──────── DATA PROVIDED

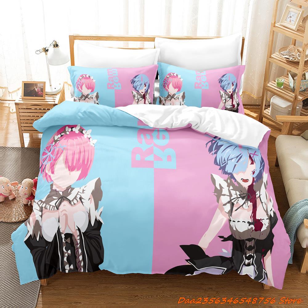 Comforter Re Zero Rem Ram Bedding Set Cartoon Anime Three-Piece Set Adult Kid Bedroom Duvet Sets 3D Kawaii Girl Twin Set
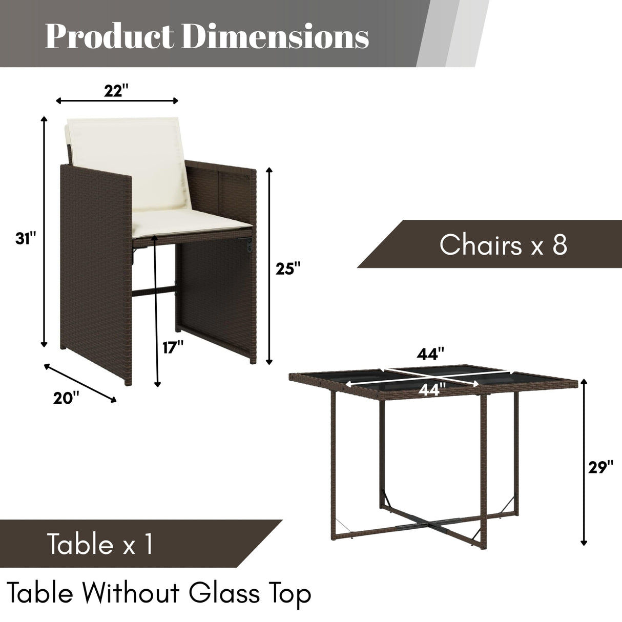 - 8 Chair Dimension: 22″Lx20″Wx31″H
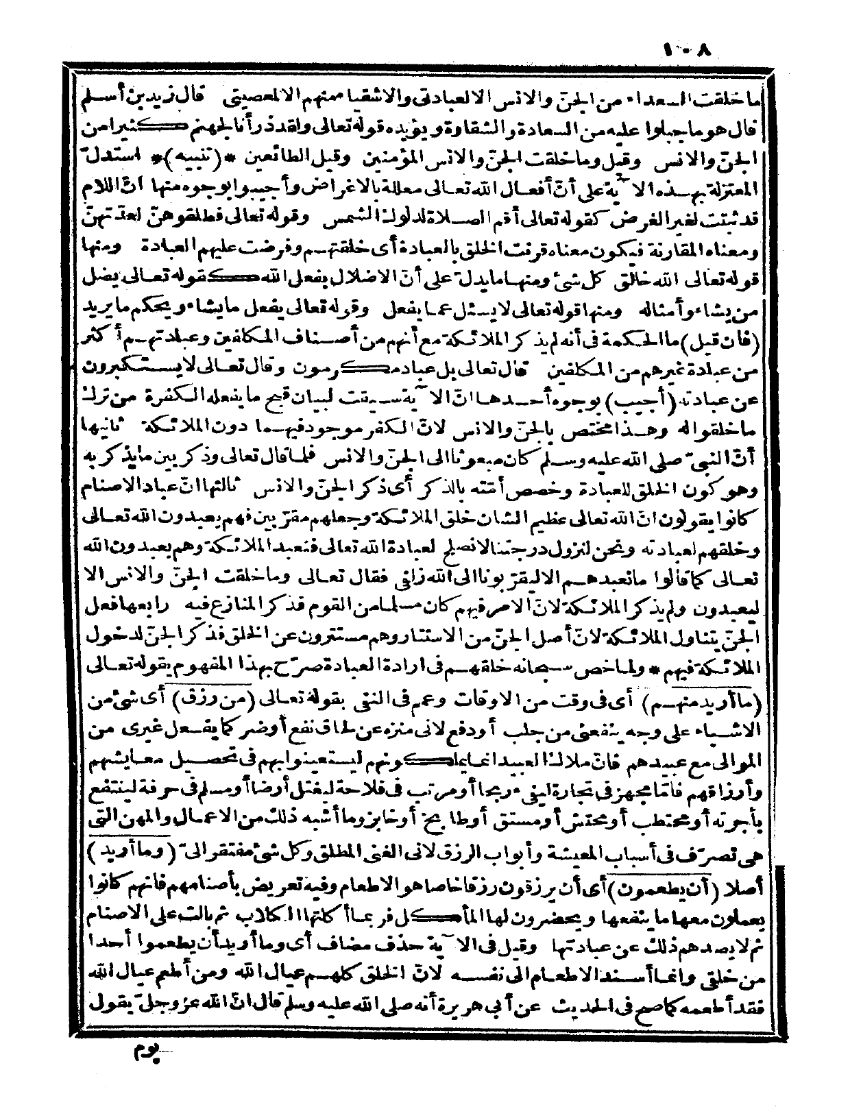 {وما خلقت الجنّ والأنس إلا ليعبدون} ولم يذكر الملائكة لأن الأمر فيهم كان مسلماً من القوم فذكر المنازع فيه. رابعها: فعل الجنّ يتناول الملائكة لأنّ أصل الجنّ من الاستتار وهم مستترون عن الخلق فذكر الجنّ لدخول الملائكة فيهم.

────────────────

**WORK TO COMPLETE:**
Nothing but the lines from the one containing "- 8 Chair Dimension: 22″Lx20″Wx31″H" through the last line of the data should appear in the answer, copied exactly, with pictures excluded.

**TASK RESULT:**
 - 8 Chair Dimension: 22″Lx20″Wx31″H
 {وما خلقت الجنّ والأنس إلا ليعبدون} ولم يذكر الملائكة لأن الأمر فيهم كان مسلماً من القوم فذكر المنازع فيه. رابعها: فعل الجنّ يتناول الملائكة لأنّ أصل الجنّ من الاستتار وهم مستترون عن الخلق فذكر الجنّ لدخول الملائكة فيهم.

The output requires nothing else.